If the characters of the Diana annoy the modern reader for their endless talking and naïve passivity, those of La Galatea are no less irksome for their psychotic extremes of emoting and doing. From the vantage point of the modern reader, we want these people to be real. It is worth considering that they are actually on the verge of   —27→   «being real» in La Galatea, and that it was precisely because Cervantes experimented in pastoral that he was sensitized to the importance of individual feelings, compared to the sweeping dictates of society, time, or fortune, in literary representation of the human experience.
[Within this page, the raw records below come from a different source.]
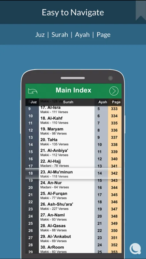 - Main index allow easy navigation to Juz / Surah / Ayah / Page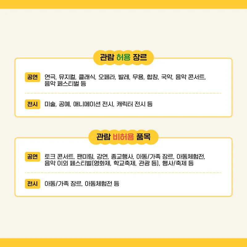 ✔️공연·전시 외 일부 콘텐츠는 지원 제외 (ex. 팬미팅, 토크 콘서트, 아동 체험전 등)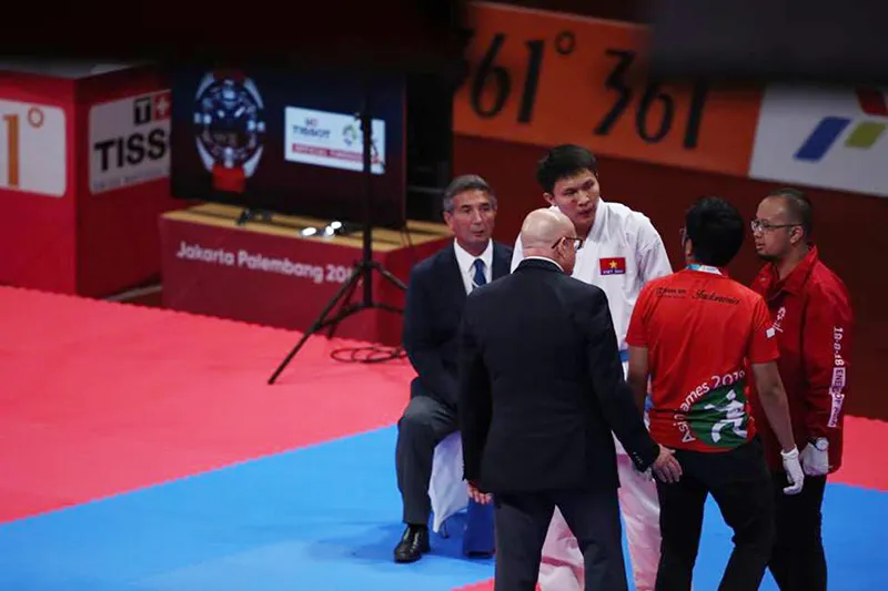 Minh Phụng được các bác sĩ chăm sóc khi dính đòn của Sajad. Ảnh: DŨNG PHƯƠNG

Although it does seem that he was aware of the limits of pastoral narration as defined by his precursors, it also appears that he could not abide by them. The characters depicted by Cervantes in La Galatea are not traditional literary shepherds; they, like Cervantes himself, are drawn toward the pastoral mode, if never faithful to it. What is being born on the banks of the Tagus in 1585 is the modern fictional character (that entity we so hope to find in old books), the one whose life's story is that of the poetic ideal within, coping with historical reality without.

In writing La Galatea, then, Cervantes relied upon his precursors to overcome them, in much the same fashion as he did with Don Quijote. The text, bulging at the seams as it does, has outgrown the glass slipper to make use of a structure more true to life. The fact that Cervantes repeatedly mentioned his desire to finish La Galatea is perhaps more significant than the likelihood that he never did. By not returning to Arcadia, Cervantes did not turn his back on those pastoral values. Instead, he integrated them into the world beyond the locus through the nature of his characters. What could be more significant than the conviction that the pastoral ethos, which exalts the striving human spirit and represents the assumption that things could be better than they are, does not exist in an isolated idyllic spot but resides within the human spirit itself?
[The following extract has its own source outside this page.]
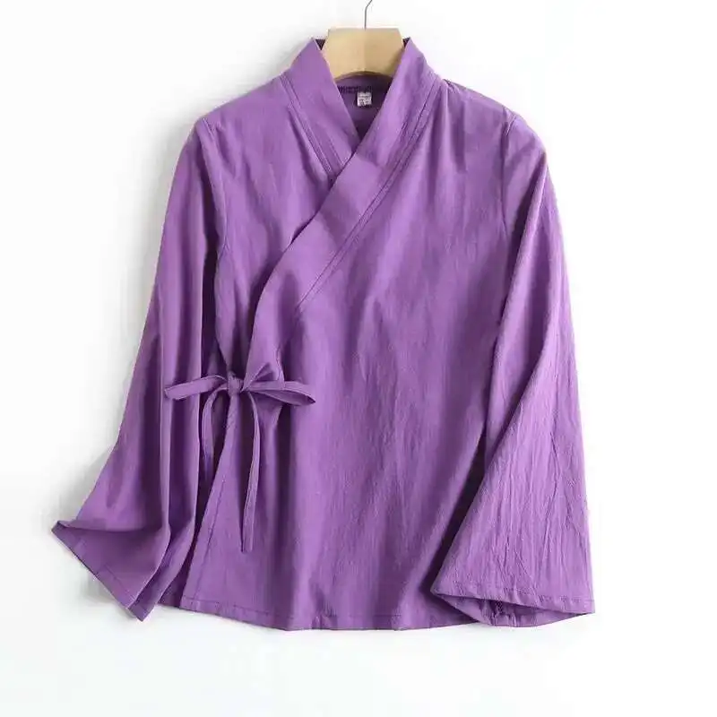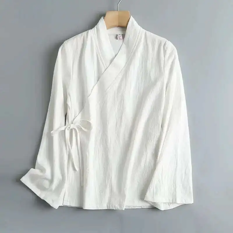 Élégante et intemporelle, la chemise femme en lin Yuki s’inspire du style traditionnel Hanfu pour offrir un vêtement unique. Sa coupe croisée avec liens à nouer sur le côté et ses manches longues évasées rappellent l’esthétique chinoise vintage tout en restant moderne et minimaliste. Confectionnée dans un coton/lin naturel, elle est respirante, douce et agréable à porter.

By writing La Galatea, Cervantes discovered that representation of the life experience is not true without adequate consideration of the world we live in (emotions, philosophies, desires, illusions -all the stuff of pastoral), as well as the world we live with, the one we can touch with our senses. His repeated mention of La Galatea and the pastoral episodes that appear in his later works imply recognition that while the values exalted by pastoral are indeed basic to the human condition, representing those values in an artificial environment is not. With Cervantes, Arcadia has become a means to an end, not an end in itself. By forcing pastoral spirituality out of Arcadia, he constructs a literature that is more true to the whole life experience than either Arcadia itself or the physical world unruffled by the fulfilled and frustrated strivings of the human spirit. There is probably not a single central character in Cervantes'   —28→   works who does not carry the mark of Arcadia within his or her personality. They are a new breed of literary beings, possessing a spiritual side to their personalities as individual as their life experiences; they act on their desires in history rather than limit themselves to expressing those desires in a poetic context. La Galatea marks the gestation period of the fictional characters later born of Cervantes' genius. We read the text with our modern and rather unimaginative prejudice which assumes that literature is a carbon copy of life. Cervantes' pastoral romance forces us to witness the birth of that prejudice and, like most births, it is a painful process. Although it is true that La Galatea consists of a tension «que no se resuelve y no tiene dirección»,16 we might reconsider the criticism. After all, born of that tension are Cervantes' other works, and those of countless others, in which the extremes of La Galatea are tempered, but never resolved. For there is no resolution between the conflict of the spirit and the world, in life or in literature that faithfully represents it. La Galatea portrays the conflict. What follows, the compromise.